Hardship and Alleged Absurdity if the Support Order is not Varied
[36] I add that Lorne’s position that the Support Order constitutes undue hardship in his current circumstances and that its continuation will thwart his ability to conduct his litigation, is not sufficiently supported on the record before me for the following additional reasons.
[37] First, there are many examples of Lorne continuing to enjoy a privileged lifestyle which are inconsistent with his hardship assertion. These include renting a private cabin at Bigwin Island Golf Club at a cost of over $40,000 per month in August 2021 and living in Florida for several months while his Toronto residence costing him $4,390 sits empty. None of these expenses are disclosed on his most recent Financial Statement. As well, Lorne’s personal investments have increased since separation.
[38] If the Support Order constitutes a significant hardship, then one would expect that Lorne would be attempting to move this matter forward expeditiously to trial where the issue of the support payable can be finally addressed on the merits.
[39] Instead, he has caused delay by refusing to answer questions during Questioning in August 2021 on the basis that Donna’s lawyer is in a conflict of interest and could no longer represent her. He has not brought any removal motion despite the fact that Donna’s lawyer has represented her for the last three and one half years and he has also refused to schedule a Trial Management Conference on the basis that his removal motion must proceed first.
[40] Had he completed questioning in August 2021, proceeded to a settlement conference and TMC conference immediately, or brought his removal motion long ago when he first raised the issue, the trial of this matter may have already been scheduled and be imminent.

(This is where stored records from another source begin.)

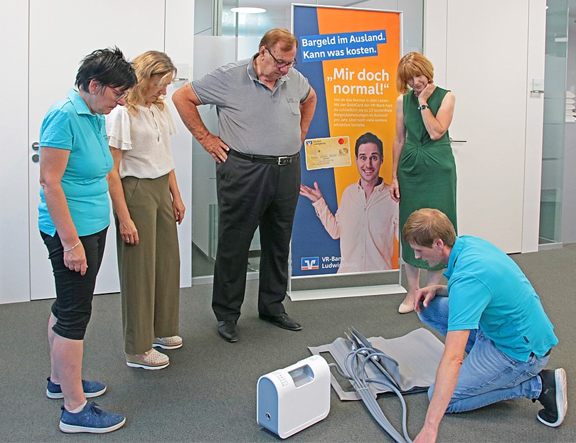 Unsere engagierten Pflegerinnen und Pfleger der Sozialstation des Krankenpflegevereins müssen mitunter ganz schön zupacken können. „Für die einzelne Pflegerin oder den einzelnen Pfleger kommt es bei häuslichen Einsätzen mitunter vor, dass Patienten auf dem Boden in misslicher Lage aufgefunden werden. Dann heißt es anzupacken und die Person wieder aufzuheben. Wenn hierzu die Kraft nicht ausreicht, war oft guter Rat teuer“, berichtete Dietmar Glaubitz, Vorsitzender des Krankenpflegevereins, der Kundenberaterin Bettina Scholz der VR-Bank.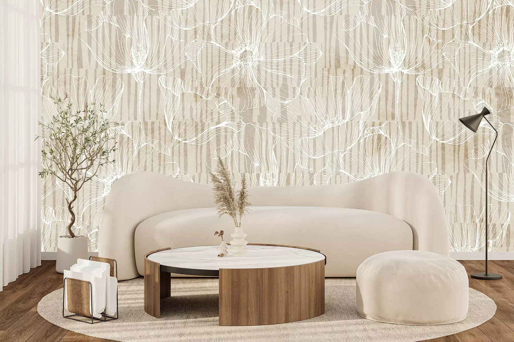 Het materiaal Standard is een hoogwaardig latexmateriaal met een glad, mat oppervlak. Dankzij de HP Latex-printtechnologie zijn de kleuren intens, duurzaam en UV-bestendig, waardoor het patroon jarenlang een onberispelijke uitstraling behoudt. Vervuilde oppervlakken kunnen voorzichtig worden afgeveegd met een droge doek. De maximale breedte van één baan bedraagt 95 cm of 105 cm – afhankelijk van de bestelde fotobehangbreedte. Bij grotere afmetingen wordt het patroon verdeeld over meerdere gelijkmatige banen. Het fotobehang wordt rand-aan-randaangebracht, wat vrijwel onzichtbare naden mogelijk maakt.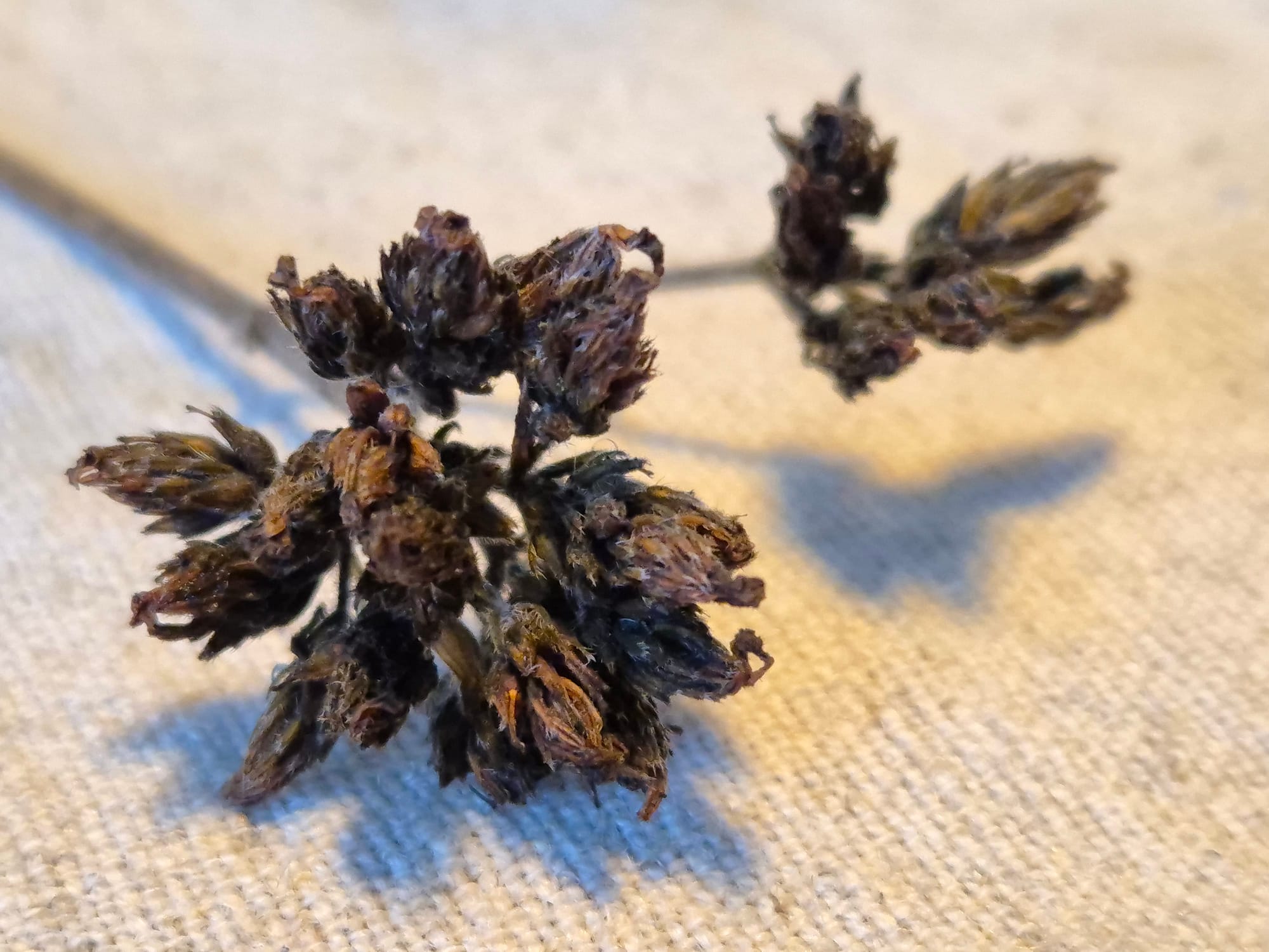 Frøstandene lar jeg ligge å tørke på et slett klede, men du kan også bruke et papir eller noe annet som samler opp frøene når du rister i frøstanden.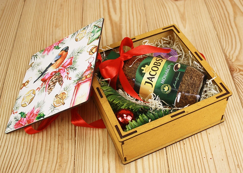 Подарочная коробка со снегирём – яркий акцент вашего подарка! 🎁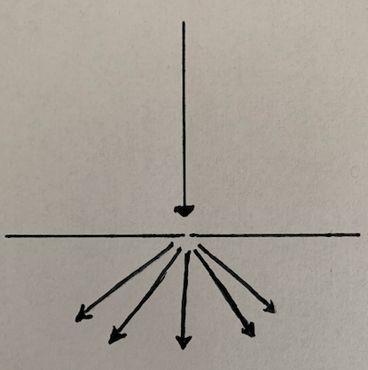 Although, what’s also interesting to me is that the shadows created by the diffraction pattern — if they can technically be called shadows — are created by the movement of light itself, its own waves canceling each other out as a result of their dissonant patterns, and thereby eradicating the energy of light.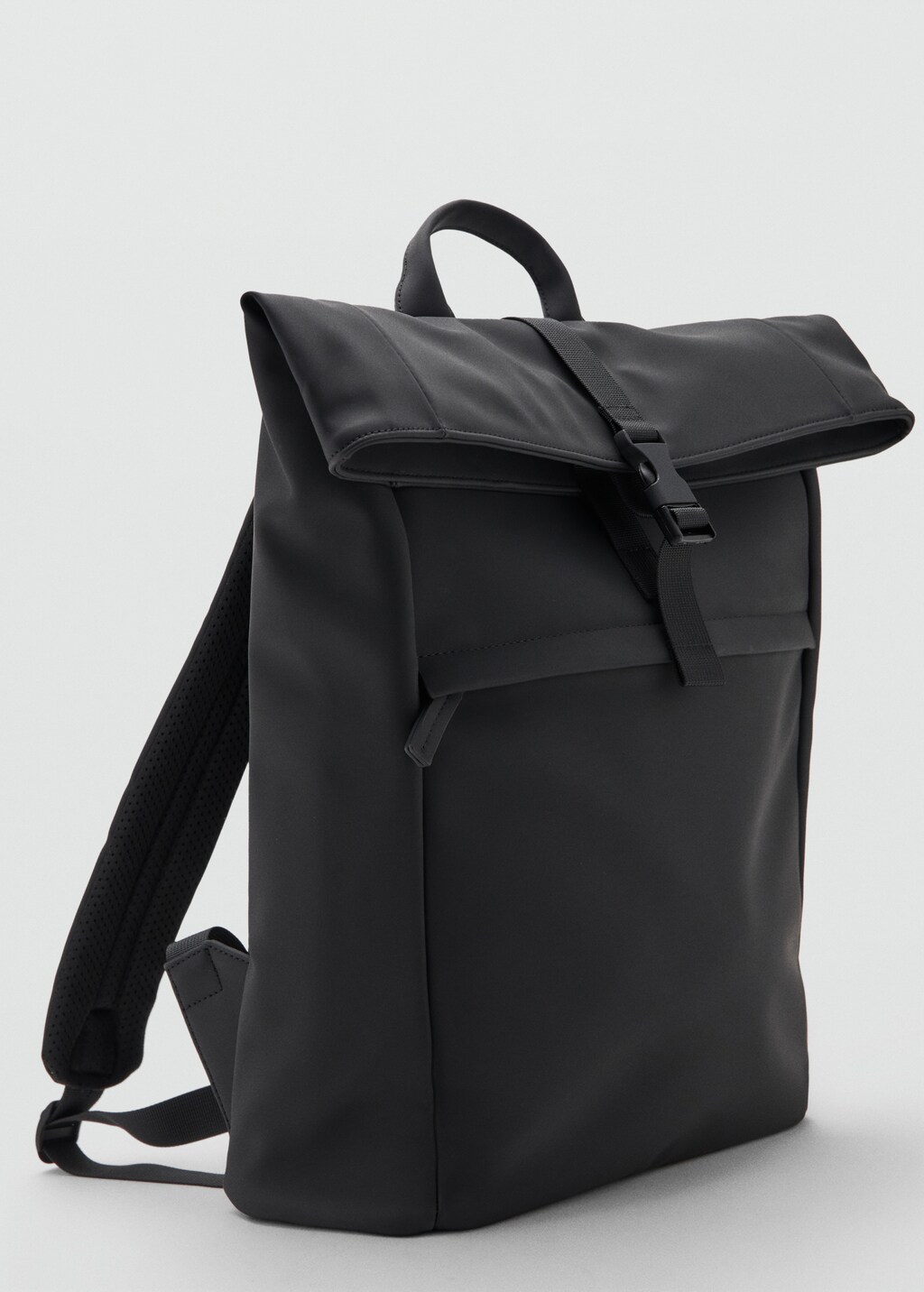 Gummed fabric. Two adjustable handles. Internal pocket for electronic devices up to 25 cm wide. Band handle for easy transport as a carry-on bag. Flap closure with carabiner clasp and adjustable strap. Multiple pockets.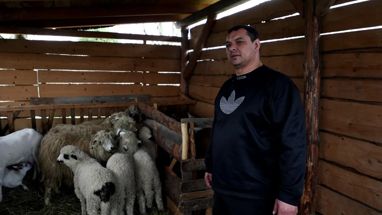 Ionel Ganea, în staul, alătri de oile pe care le crește la Gura Văii
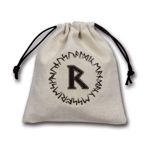 Plátěný stahovací váček na kostky zdobený z obou stran trpasličími runami představujícími kouzlo určené k ochraně uložených cenností, třebas vašich šťastných kostek... Rozměry váčku jsou 10 x 13 cm.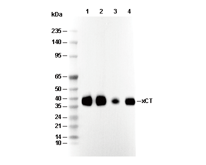 xCT/SLC7A11 Antibody [H13H3] recognizes endogenous levels of total xCT protein.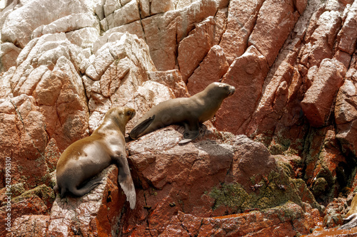 © simonmayer, Fototapeta premium Dwa lwy morskie wędrują wśród czerwonych skał wysp Ballestas (Paracas, Peru)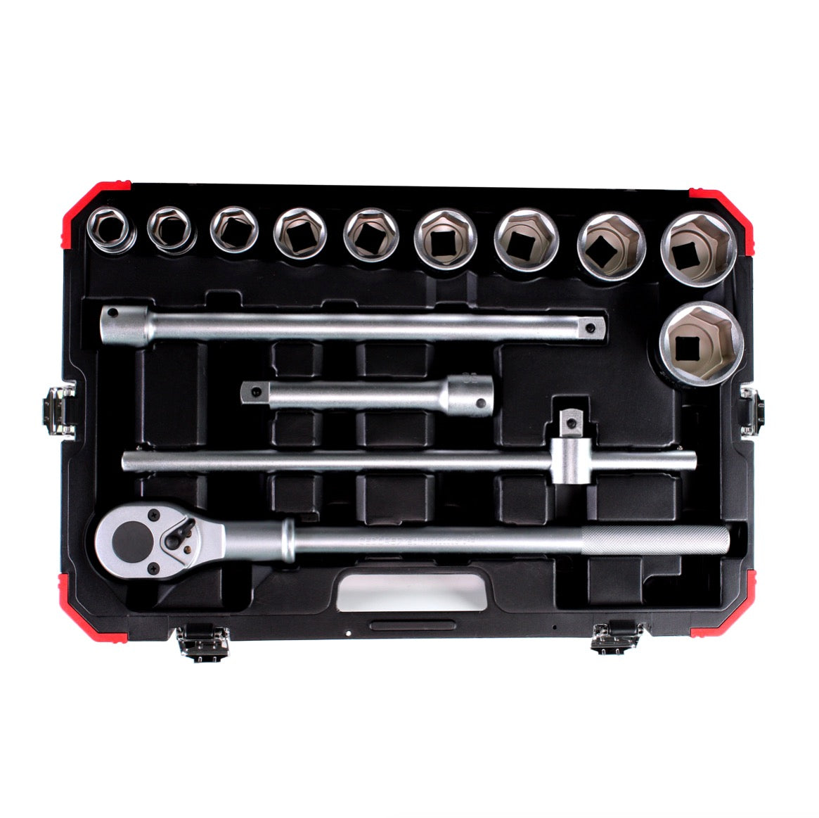 Ce set de clés à douille de Gedore est composé d'un carré d'entraînement selon DIN 3120 - B 20, ISO 1174, avec verrouillage par goupille. En outre, il existe un entraînement intérieur carré conforme à la norme DIN 3120 - D 20, ISO 1174, avec un trou pour le verrouillage des goupilles. Par ailleurs, La douille 3/4" a un entraînement hexagonal, est métrique et courte, conformement à la norme DIN 3124, ISO 2725. Toutefois, Une rallonge de douille 3/4" est également incluse dans le set, ainsi qu'une poignée transversale 3/4" avec pièce coulissante, conformement à la norme DIN 3122, ISO 3315. Les outils sont fabriqués en acier au chrome vanadium et ont une finition en mate satinée et un revêtement chromé. Cet ensemble est adapté au vissage manuel, fourni dans un coffret pratique en plastique au design rouge GEDORE avec des charnières métalliques.

[41] I add that Lorne complains that the marital agreements he executed have resulted in Donna having the lion’s share of the marital assets. If that is the case and he ultimately is successful in his claim that the Support Order is excessive, then he will be in a position to seek retroactive adjustments and the significant assets he complains are in Donna’s name alone, will be available for this adjustment.
Conclusion
[42] In my view Lorne is seeking to relitigate this matter as though it were being heard de novo which is not the applicable test. Lorne has not met the heavy onus required to vary an interim support order. There is insufficient basis to conclude that there has been a substantial change in Lorne’s circumstances as the issues raised by Lorne were already before Justice Monahan and/or existed at the time of the Support Order and Lorne did not raise them. As well, he has brought his motion before his 2021 income tax return must be filed and without any further expert analysis as to his income, which as I have said above, is fatal to his motion.
[43] Further, there is insufficient basis to conclude that Lorne would suffer undue hardship or that continuation of the Support Order would be incongruous or absurd. If Lorne was dissatisfied with Justice Monahan’s decision, he should have sought to appeal it.
[44] Therefore, the motion to vary is dismissed.
[45] I am directing that if Lorne wishes to bring a motion to remove Donna’s counsel from the record, he must do so by the end of March 2022.
[46] The parties shall complete questioning by the end of April 15, 2022.
[47] There is currently a settlement conference scheduled for March 3, 2022 which I am directing the parties still attend. At this settlement conference, the parties shall address the timing of scheduling a Trial Management Conference as soon as possible.
[48] I encourage the parties to settle their costs. If the parties cannot, they may provide submissions as follows: Donna within 5 days no longer than 4 pages and Lorne within 5 days thereafter no longer than 5 pages.